(Recorded data)
▽

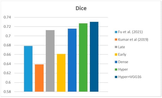 According to the data in the table and the graphs above, the suggested hyper-dense VGG16 model outperforms state-of-the-art models trained on the same dataset by a margin of Dice improvement equal to 17%. The proposed architecture for feature extraction between the two types of inputs and applying the VGG16 architecture of image feature extraction led to this enhancement.
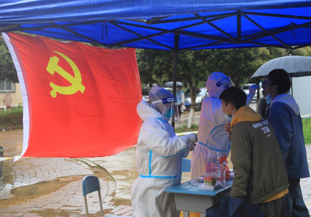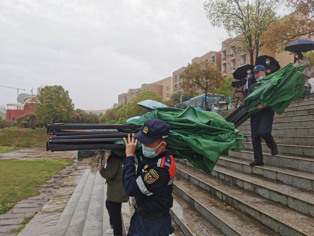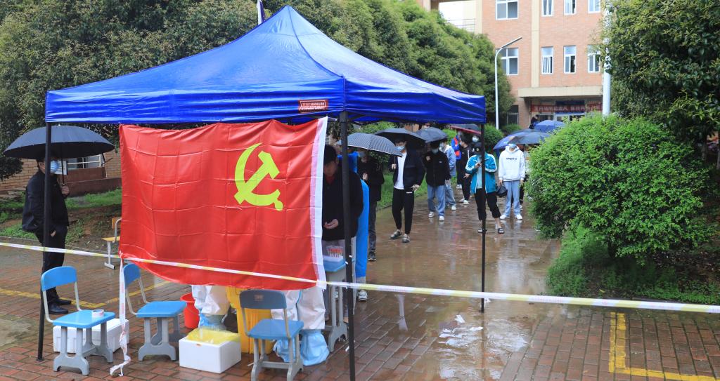 学校党委充分发挥基层党组织战斗堡垒作用,号召党员站出来、冲在前,党员先锋们与核酸检测工作人员协同配合开展工作。在他们的引导下,师生员工积极配合下,效率有了显著的提高。核酸检测的现场,教官队暖心的为没有带伞的同学撑伞,青年突击队冒雨清理地上的积水,为同学们铺上垫板。到处可见党员先锋和志愿者们的温情与关怀。
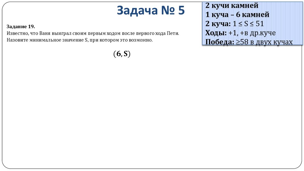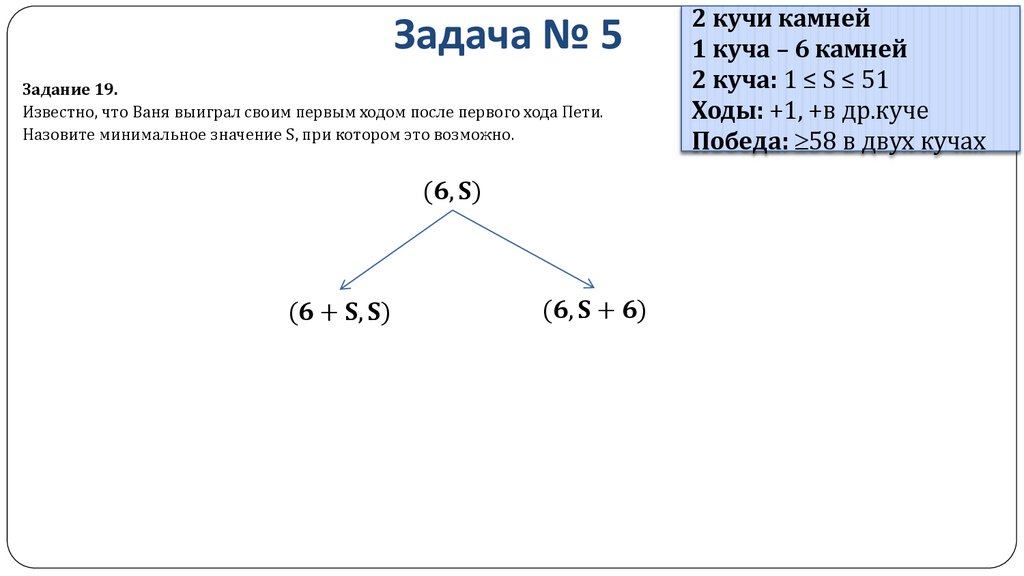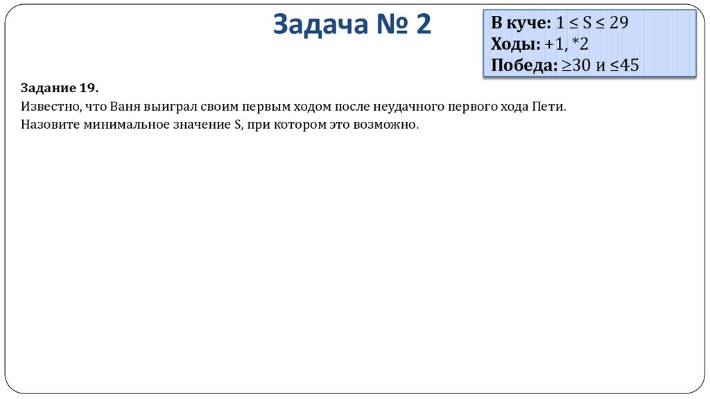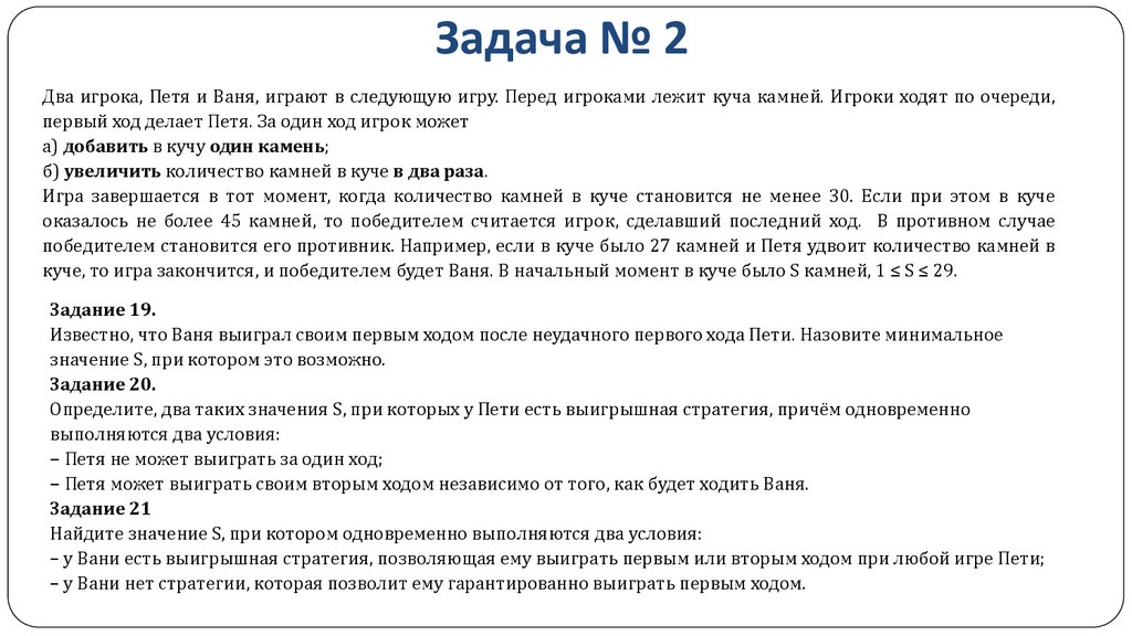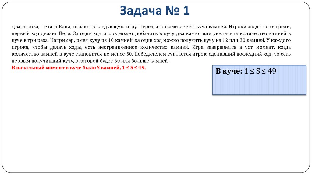 Задача № 1Два игрока, Петя и Ваня, играют в следующую игру. Перед игроками лежит куча камней. Игроки ходят по очереди,
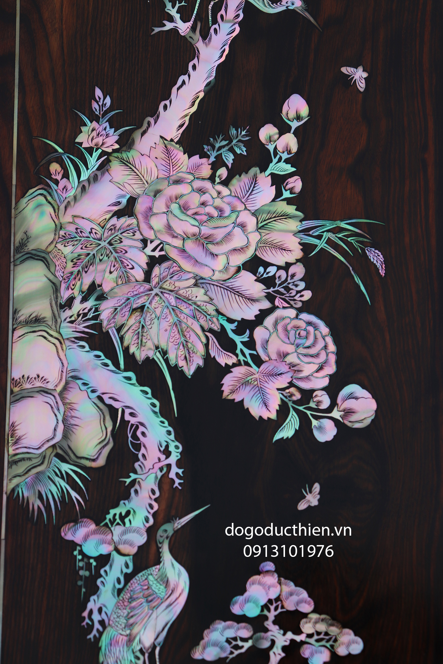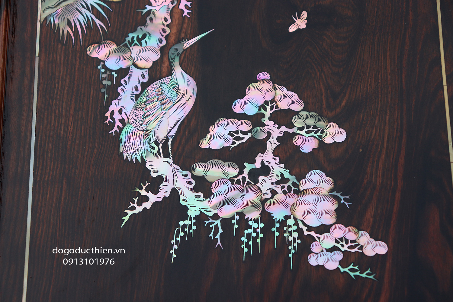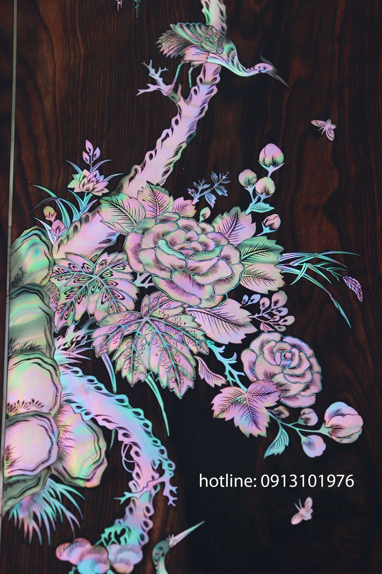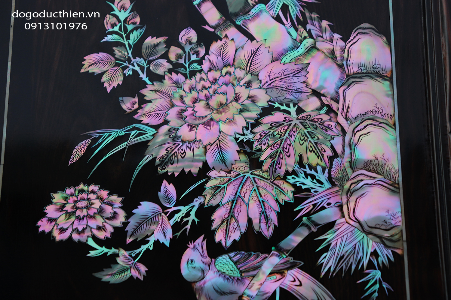 Chất liệu tranh: tranh được hoàn thiện trên chất liệu gỗ mun mang màu đen và rất chắc. Ốc xà cừ khảm trên bức tranh được hoàn thiện kỹ bởi bàn tay nghệ nhân lâu năm.
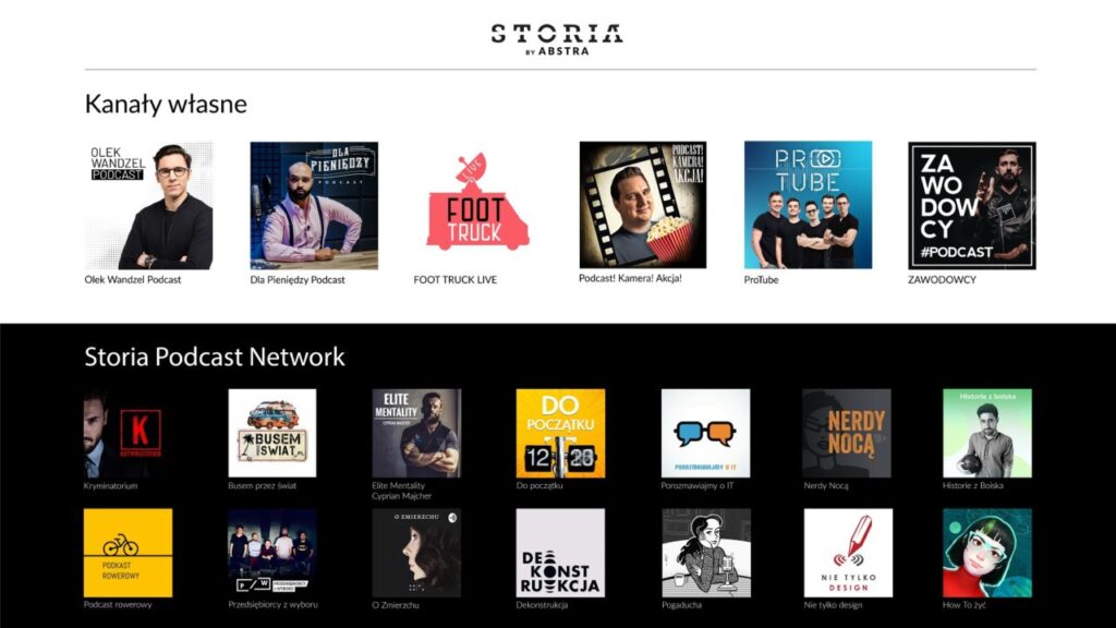 Abstra: Producent treści wideo na YouTube w Polsce rozpoczął ekspansję na rynek audio, tworząc Storia by Abstra. To pierwszy tego typu podmiot w Polsce, łączący kompetencje w dziedzinie tworzenia treści video z realizacją podcastów. W ramach Storia by Abstra powstanie portfolio dedykowanych podcastów video, a także kierowana do partnerów komercyjnych usługa „podcast as a service” oraz platforma do współpracy dla twórców Storia Podcast Network. Źródło: spółka
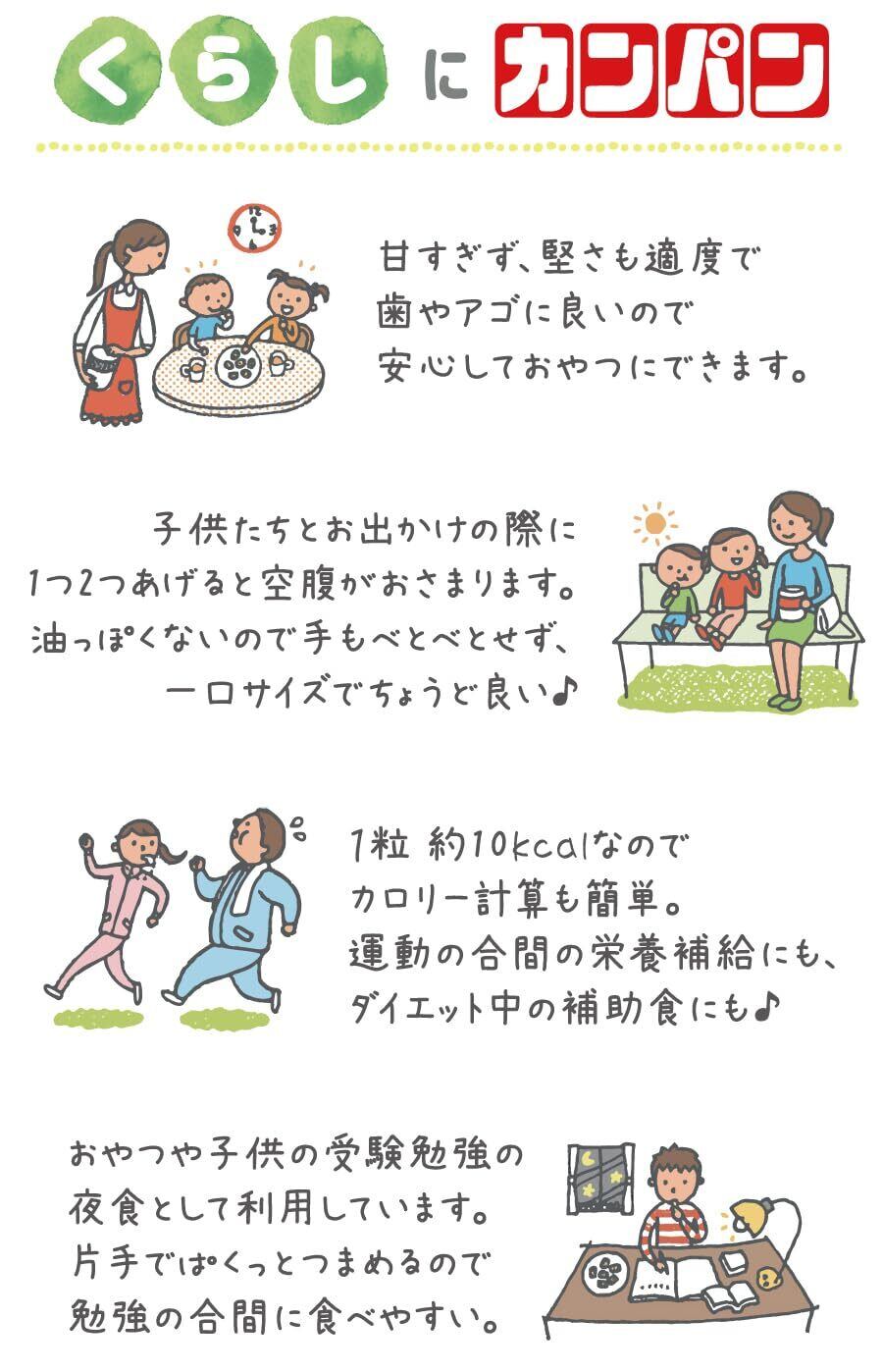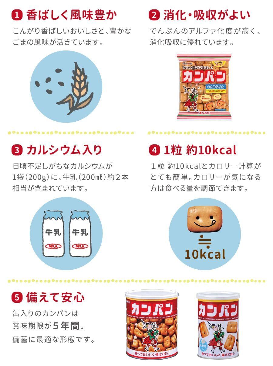 長時間熟成発酵後、遠赤外線オーブンで香ばしく焼きあげたカンパンです。缶の中に入っている氷砂糖は、糖分の補給としてだけでなく、唾液の分泌を促し、水なしでも食べやすくします。

△

Find the line with "Задача № 1Два". Reproduce it and every line after it through the last line above exactly, leaving out the pictures.

■ Result below ■
 Задача № 1Два игрока, Петя и Ваня, играют в следующую игру. Перед игроками лежит куча камней. Игроки ходят по очереди,
 Chất liệu tranh: tranh được hoàn thiện trên chất liệu gỗ mun mang màu đen và rất chắc. Ốc xà cừ khảm trên bức tranh được hoàn thiện kỹ bởi bàn tay nghệ nhân lâu năm.
 Abstra: Producent treści wideo na YouTube w Polsce rozpoczął ekspansję na rynek audio, tworząc Storia by Abstra. To pierwszy tego typu podmiot w Polsce, łączący kompetencje w dziedzinie tworzenia treści video z realizacją podcastów. W ramach Storia by Abstra powstanie portfolio dedykowanych podcastów video, a także kierowana do partnerów komercyjnych usługa „podcast as a service” oraz platforma do współpracy dla twórców Storia Podcast Network. Źródło: spółka
 長時間熟成発酵後、遠赤外線オーブンで香ばしく焼きあげたカンパンです。缶の中に入っている氷砂糖は、糖分の補給としてだけでなく、唾液の分泌を促し、水なしでも食べやすくします。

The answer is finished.